2011 Metro Atlantic Athletic Conference baseball tournament
- Teams: 4
- Format: Double-elimination
- Finals site: Mercer County Waterfront Park; Trenton, NJ;
- Champions: Manhattan (2nd title)
- Winning coach: Kevin Leighton (2nd title)
- MVP: Mike Giordano (Manhattan)

= 2011 Metro Atlantic Athletic Conference baseball tournament =

The 2011 Metro Atlantic Athletic Conference baseball tournament took place from May 24 through 27. The top four regular season finishers of the league's teams met in the double-elimination tournament held at Mercer County Waterfront Park in Trenton, New Jersey. won their second tournament championship and earned the conference's automatic bid to the 2011 NCAA Division I baseball tournament.

==Seeding==
The top four teams were seeded one through four based on their conference winning percentage.

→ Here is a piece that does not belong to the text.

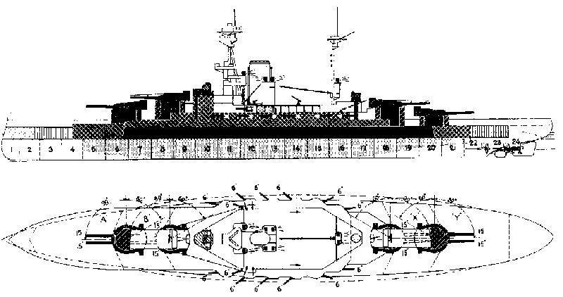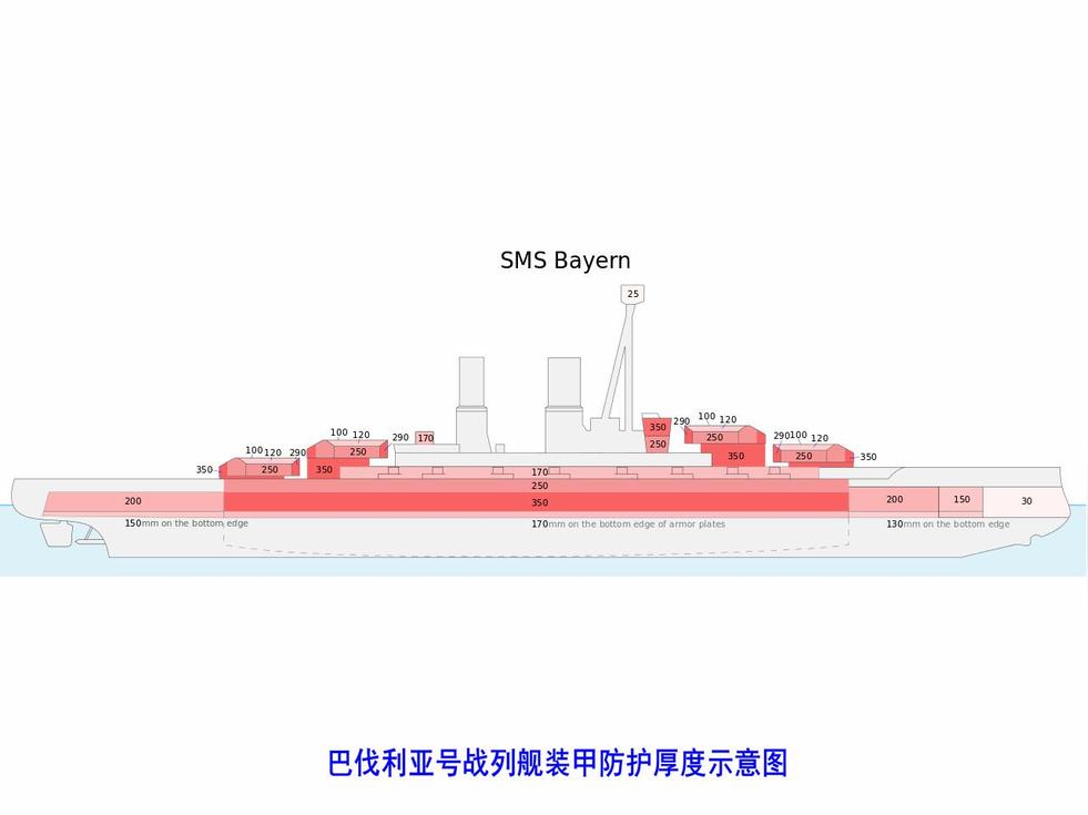 巴伐利亞級戰(zhàn)列艦裝甲厚度示意圖

They then played a double-elimination tournament.

| Team | W | L | PCT | GB | Seed |
|---|---|---|---|---|---|
| Manhattan | 20 | 2 | .909 | – | 1 |
| Rider | 16 | 7 | .696 | 4.5 | 2 |
| Siena | 14 | 10 | .583 | 7 | 3 |
| Canisius | 12 | 10 | .545 | 8 | 4 |
| Marist | 13 | 11 | .542 | 8 | – |
| Fairfield | 13 | 11 | .542 | 8 | – |
| Iona | 7 | 17 | .292 | 14 | – |
| Saint Peter's | 5 | 18 | .217 | 15.5 | – |
| Niagara | 5 | 19 | .208 | 16 | – |

==All-Tournament Team==
The following players were named to the All-Tournament Team.

| Pos. | Name | School |
| P | Garreth Cortright | Canisius |
| Neil Fryer | Siena |
| John Soldinger | Manhattan |
| C | Ramon Ortega | Manhattan |
| 1B | Austin Sheffield | Manhattan |
| 2B | Dan Paolini | Siena |
| Jose Torralba | Canisius |
| SS | John Ralston | Rider |
| OF | Mike Fish | Siena |
| Karl Johnston | Rider |
| Mark Onorati | Manhattan |

===Most Valuable Player===
Mike Giordano was named Tournament Most Valuable Player. Giordano was a pitcher for Manhattan.